**TASK DETAILS**
Write out exactly, and only, the lines below from the line with "Institutul de Lingvistică" through the line with "Mersin Büyükşehir Belediyesi"; pictures do not belong in the copy.

**** RECORD EXCERPTS ****

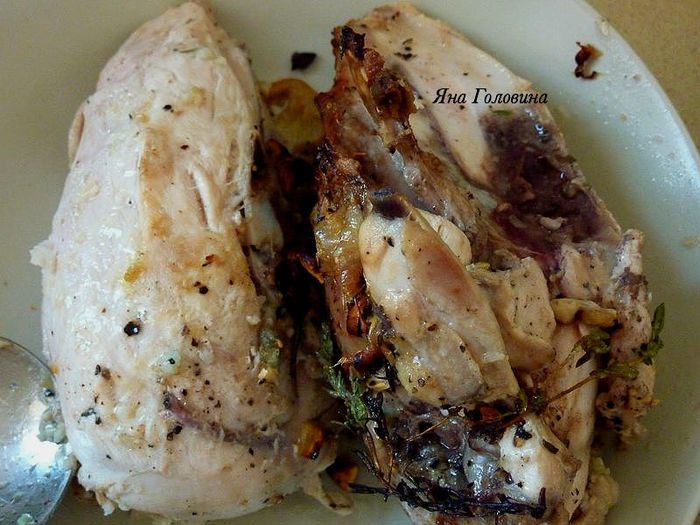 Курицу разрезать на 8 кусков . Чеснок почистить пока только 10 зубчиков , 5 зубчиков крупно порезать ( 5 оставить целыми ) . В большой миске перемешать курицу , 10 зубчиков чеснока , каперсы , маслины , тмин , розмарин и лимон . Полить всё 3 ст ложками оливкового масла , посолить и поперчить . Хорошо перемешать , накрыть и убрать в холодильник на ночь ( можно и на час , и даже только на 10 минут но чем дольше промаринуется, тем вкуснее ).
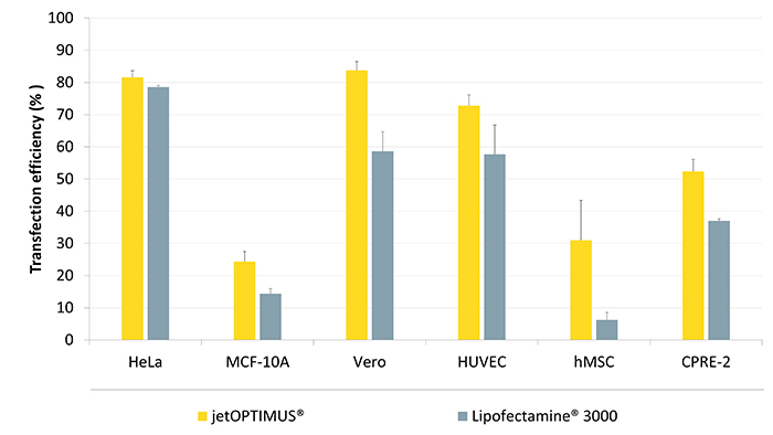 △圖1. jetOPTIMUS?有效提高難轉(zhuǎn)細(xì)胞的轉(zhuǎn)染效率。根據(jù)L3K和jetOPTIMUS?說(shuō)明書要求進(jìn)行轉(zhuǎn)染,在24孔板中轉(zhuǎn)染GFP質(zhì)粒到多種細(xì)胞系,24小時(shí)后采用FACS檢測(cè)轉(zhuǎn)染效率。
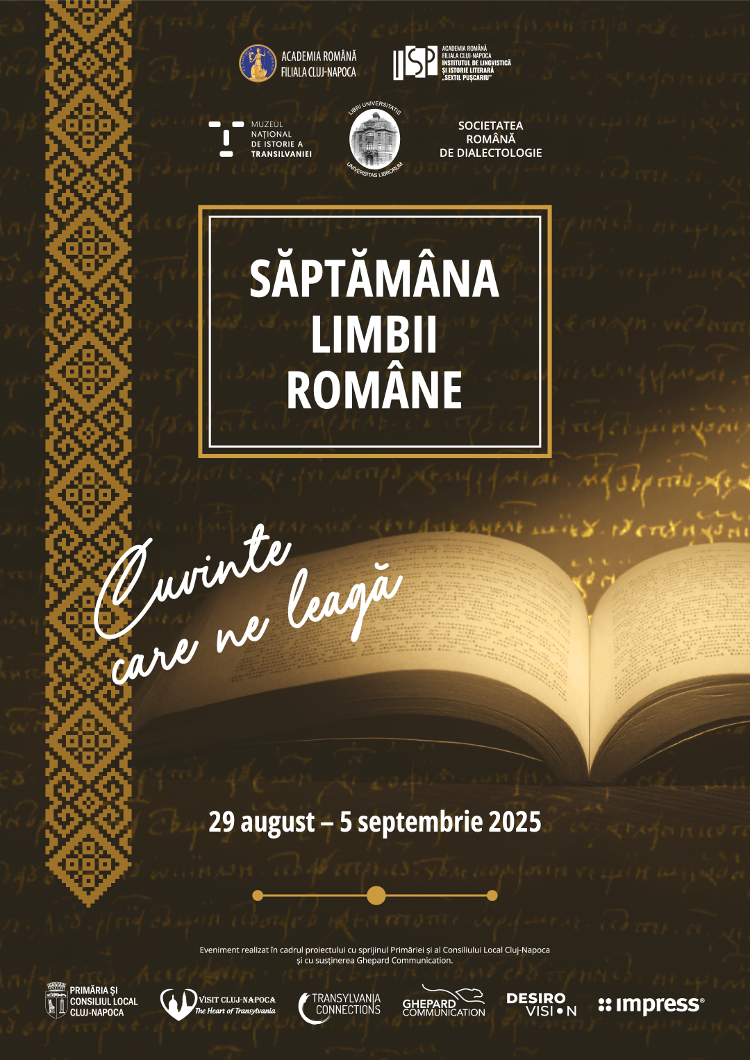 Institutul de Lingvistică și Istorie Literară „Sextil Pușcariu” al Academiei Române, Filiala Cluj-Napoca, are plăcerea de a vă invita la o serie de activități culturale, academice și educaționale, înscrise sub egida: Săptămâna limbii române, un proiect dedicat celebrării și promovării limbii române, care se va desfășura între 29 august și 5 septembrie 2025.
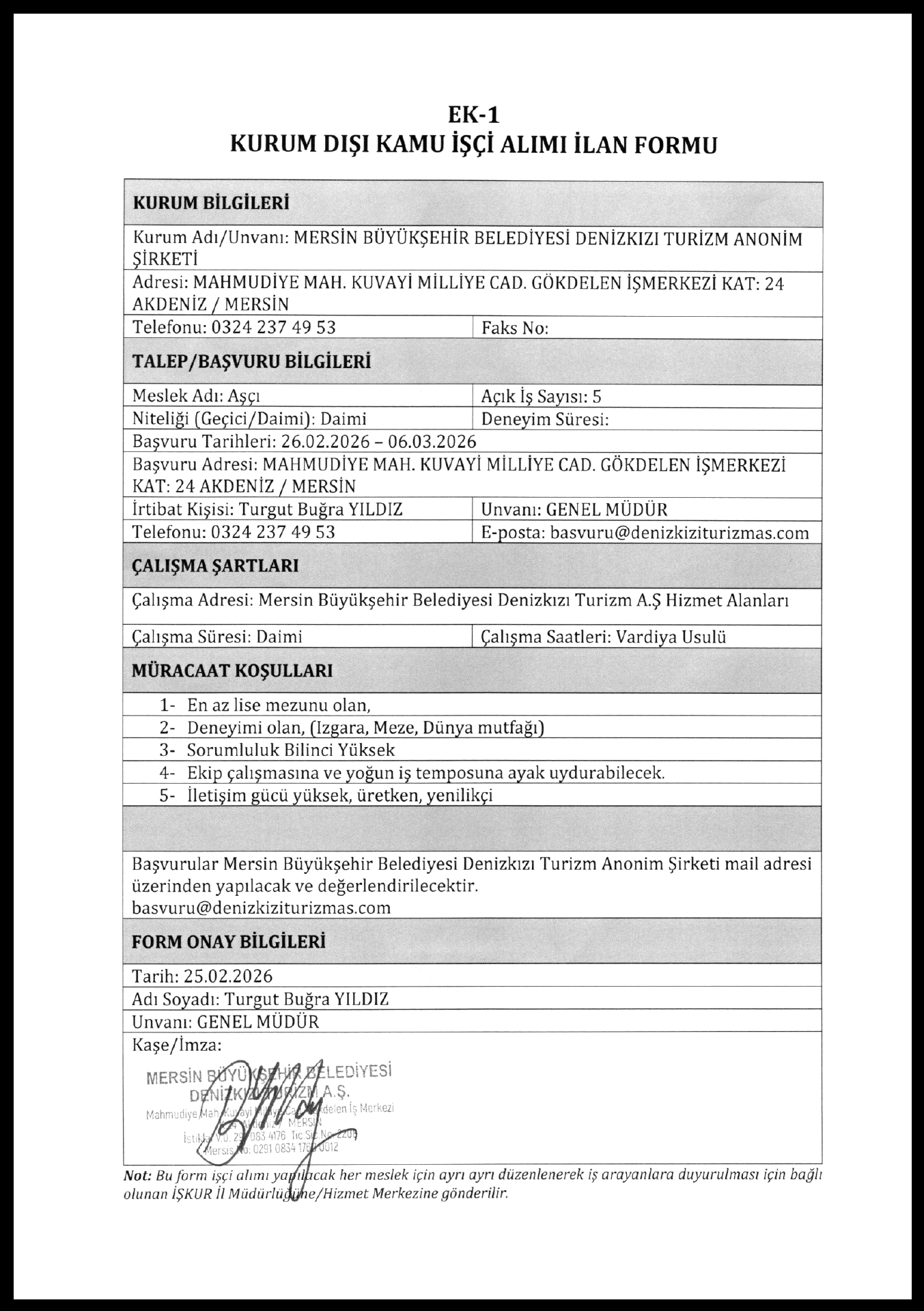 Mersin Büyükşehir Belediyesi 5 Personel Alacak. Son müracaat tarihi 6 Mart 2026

****
**** RECORD EXCERPTS ****

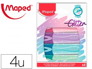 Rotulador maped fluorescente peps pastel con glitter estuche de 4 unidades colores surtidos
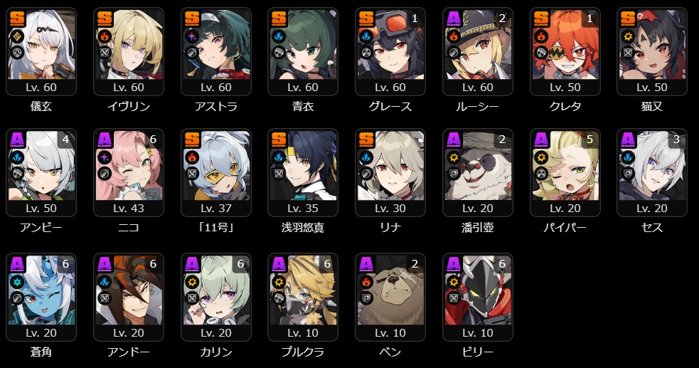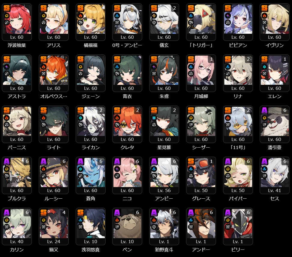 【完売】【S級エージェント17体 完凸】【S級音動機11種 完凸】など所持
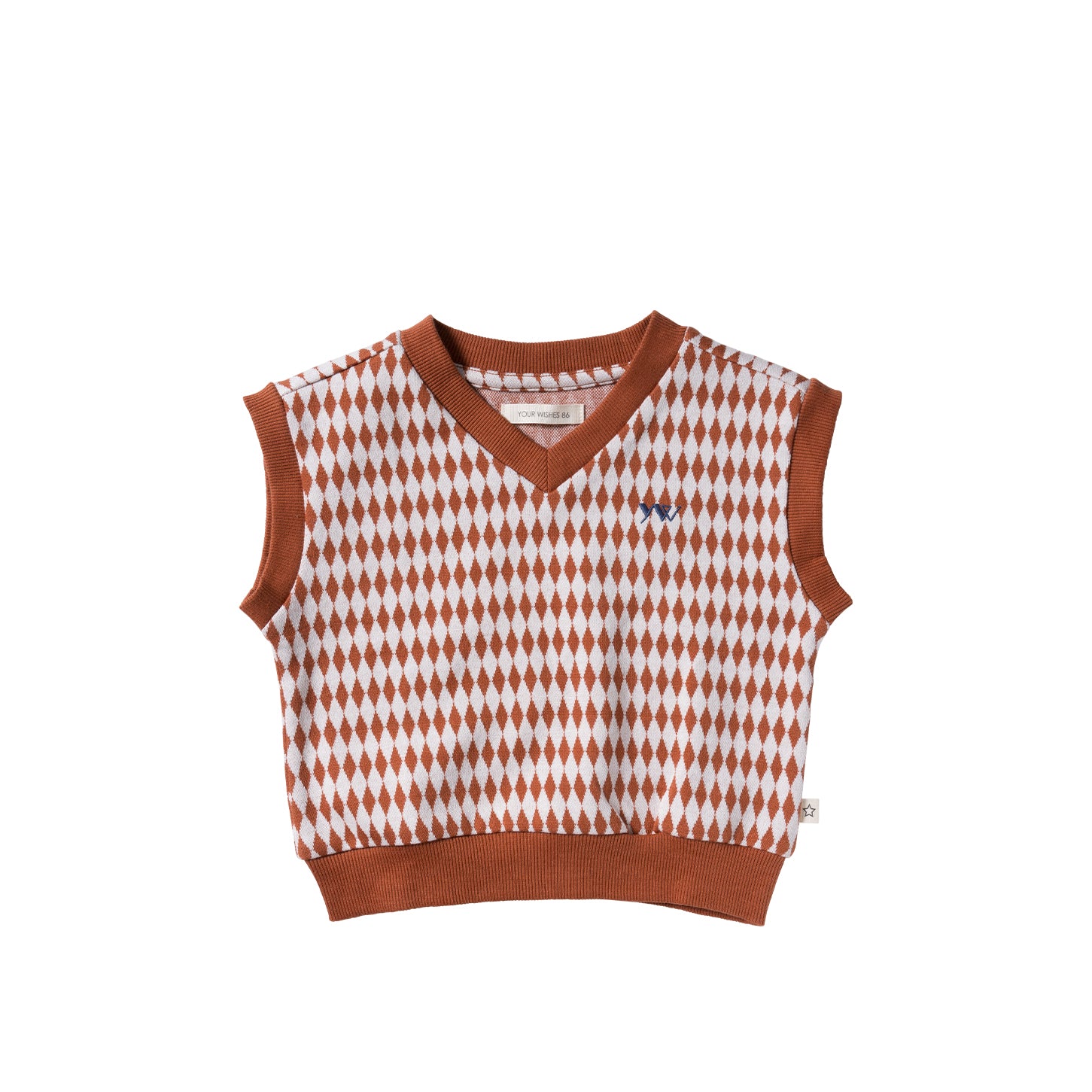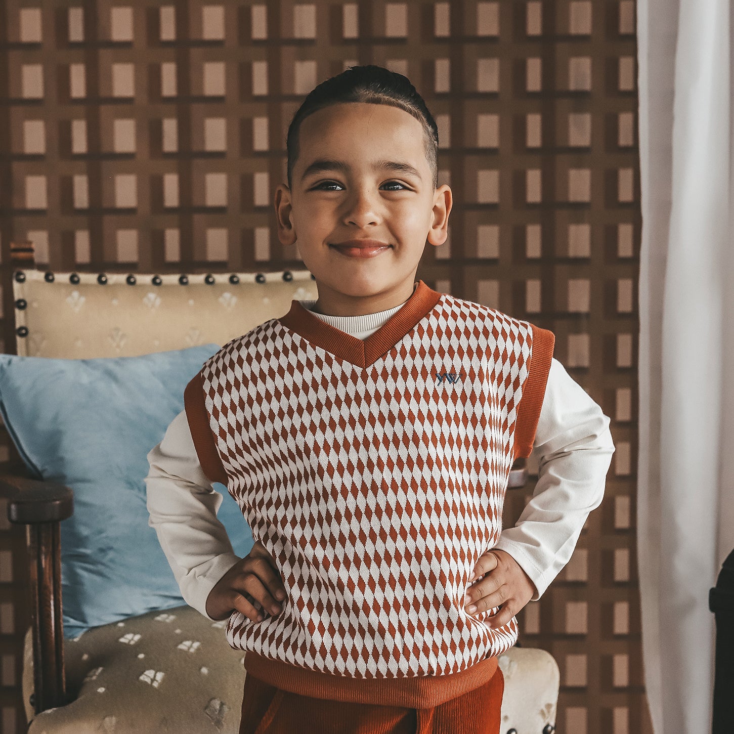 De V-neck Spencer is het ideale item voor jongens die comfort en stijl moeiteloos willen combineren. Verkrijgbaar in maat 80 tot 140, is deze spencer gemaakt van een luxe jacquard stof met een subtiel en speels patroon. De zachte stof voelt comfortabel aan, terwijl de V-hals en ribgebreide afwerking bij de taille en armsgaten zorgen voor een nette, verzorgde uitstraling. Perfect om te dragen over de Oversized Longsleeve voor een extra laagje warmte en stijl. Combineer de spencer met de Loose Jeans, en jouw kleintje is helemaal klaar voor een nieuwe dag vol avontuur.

****

**WRITTEN REPLY**
 Institutul de Lingvistică și Istorie Literară „Sextil Pușcariu” al Academiei Române, Filiala Cluj-Napoca, are plăcerea de a vă invita la o serie de activități culturale, academice și educaționale, înscrise sub egida: Săptămâna limbii române, un proiect dedicat celebrării și promovării limbii române, care se va desfășura între 29 august și 5 septembrie 2025.
 Mersin Büyükşehir Belediyesi 5 Personel Alacak. Son müracaat tarihi 6 Mart 2026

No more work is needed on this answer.